Photo: Ross D. Franklin/AP

Suns guard Isaiah Canaan suffered an ankle injury in Wednesday’s game against the Mavericks, but “ankle injury” is putting it lightly. That it was immediately described with the words “Gordon Hayward-like” might provide a clue to the severity, or maybe it’s the image in which the heel of Canaan’s foot is visible despite the rest of his front side facing the camera.

In sports photography you’ll usually find shots of a player grimacing in pain after an injury, but the photos taken by Ross D. Franklin of the Associated Press are rare in that it was a case of “perfect” timing. Canaan’s left ankle is still in the process of fracturing. His face hasn’t fully expressed what he’s going to feel. His teammates and opponents haven’t yet recoiled or turned away. It’s a striking but not explicit image: There are no jutting bones or blood, but it’s clear that something has gone awry.
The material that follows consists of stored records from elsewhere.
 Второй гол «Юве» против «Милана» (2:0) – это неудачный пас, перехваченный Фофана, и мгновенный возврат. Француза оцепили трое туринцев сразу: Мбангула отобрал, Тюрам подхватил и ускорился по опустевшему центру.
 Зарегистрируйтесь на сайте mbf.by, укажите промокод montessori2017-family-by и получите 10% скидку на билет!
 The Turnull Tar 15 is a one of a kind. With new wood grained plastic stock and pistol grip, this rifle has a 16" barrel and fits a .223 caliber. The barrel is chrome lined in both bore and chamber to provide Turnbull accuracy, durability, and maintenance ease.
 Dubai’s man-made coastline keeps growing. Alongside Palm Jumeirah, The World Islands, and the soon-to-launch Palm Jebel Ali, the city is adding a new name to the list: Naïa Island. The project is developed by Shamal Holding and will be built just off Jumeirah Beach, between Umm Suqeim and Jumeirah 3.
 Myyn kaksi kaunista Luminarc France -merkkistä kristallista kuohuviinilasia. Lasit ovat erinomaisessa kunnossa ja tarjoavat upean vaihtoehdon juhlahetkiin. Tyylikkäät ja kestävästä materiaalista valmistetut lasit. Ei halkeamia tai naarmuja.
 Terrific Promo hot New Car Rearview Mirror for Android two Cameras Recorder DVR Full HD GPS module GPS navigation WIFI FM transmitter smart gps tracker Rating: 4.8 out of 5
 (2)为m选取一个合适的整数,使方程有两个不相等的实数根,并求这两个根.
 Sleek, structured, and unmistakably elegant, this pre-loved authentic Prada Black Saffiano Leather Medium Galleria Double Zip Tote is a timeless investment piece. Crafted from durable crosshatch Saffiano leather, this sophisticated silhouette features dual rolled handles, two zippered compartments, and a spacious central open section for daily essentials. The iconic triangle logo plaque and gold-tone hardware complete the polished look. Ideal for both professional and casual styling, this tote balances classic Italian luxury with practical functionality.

Franklin actually submitted three photos of Canaan’s fall. They can be found in order below. As a warning, the third one shows the actual ankle breaking.
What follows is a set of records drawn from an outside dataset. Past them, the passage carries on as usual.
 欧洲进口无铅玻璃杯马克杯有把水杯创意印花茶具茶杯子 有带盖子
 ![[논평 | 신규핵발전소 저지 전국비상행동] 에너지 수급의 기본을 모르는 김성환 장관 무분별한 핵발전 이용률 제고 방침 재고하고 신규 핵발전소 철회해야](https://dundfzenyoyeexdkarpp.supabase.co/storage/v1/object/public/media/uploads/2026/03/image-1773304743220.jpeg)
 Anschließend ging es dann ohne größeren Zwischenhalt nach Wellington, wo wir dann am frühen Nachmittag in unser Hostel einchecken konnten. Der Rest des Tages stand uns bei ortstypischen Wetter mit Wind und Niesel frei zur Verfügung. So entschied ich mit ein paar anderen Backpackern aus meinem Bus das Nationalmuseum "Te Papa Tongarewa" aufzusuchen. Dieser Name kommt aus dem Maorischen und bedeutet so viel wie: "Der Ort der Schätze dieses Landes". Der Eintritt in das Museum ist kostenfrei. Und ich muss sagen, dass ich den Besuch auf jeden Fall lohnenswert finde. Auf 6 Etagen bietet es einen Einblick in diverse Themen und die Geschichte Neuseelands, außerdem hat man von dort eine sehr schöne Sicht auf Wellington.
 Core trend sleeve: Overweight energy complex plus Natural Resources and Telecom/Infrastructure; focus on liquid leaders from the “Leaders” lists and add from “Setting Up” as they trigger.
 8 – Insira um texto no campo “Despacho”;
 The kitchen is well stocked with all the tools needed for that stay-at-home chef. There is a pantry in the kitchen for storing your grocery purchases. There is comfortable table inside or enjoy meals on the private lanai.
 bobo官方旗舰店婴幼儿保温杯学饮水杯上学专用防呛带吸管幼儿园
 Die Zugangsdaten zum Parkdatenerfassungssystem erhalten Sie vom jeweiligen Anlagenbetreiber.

This is going to read like a boast, but it very much isn’t: There are other media outlets that refuse to show any of these photos or video. They’ll write about and describe Canaan’s injury but tell their audience to go search it out for themselves if they’re so curious. (I’d mention them in the post, but you can go search them out for yourselves if you’re so curious.) Aside from the obvious self-righteousness of making a point of announcing this, the logic for this stance doesn’t quite hold: This injury, which happened in front of a crowd and on national TV, was OK to watch live, because you didn’t know it was going to happen, but if you want to watch it after the fact, you’re sick.
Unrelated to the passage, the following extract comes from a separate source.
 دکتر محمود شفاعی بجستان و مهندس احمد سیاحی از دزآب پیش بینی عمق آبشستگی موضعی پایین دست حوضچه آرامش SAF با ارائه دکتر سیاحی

Suppose a person didn’t catch a Mavs-Suns game live on a Wednesday night. Suppose that person heard everyone was talking about Canaan’s injury, and when that person went online to see what happened to him, that person instead found no images but a directive to go somewhere else. Whose interests does that serve? No one is being forced to look at Canaan’s broken ankle, but if they’re seeking it out, they shouldn’t have to skip from outlet to outlet to find it.


TV networks have practices in place for how to show particularly gruesome injuries, and there are ways to inform a viewing audience without shoving a broken ankle in their faces. Photography’s different. The picture is the thing. Franklin couldn’t have known that his tumbling subject was about to suffer a severe injury; he just shot. Because of that, he created an incredible photo of a horrific moment.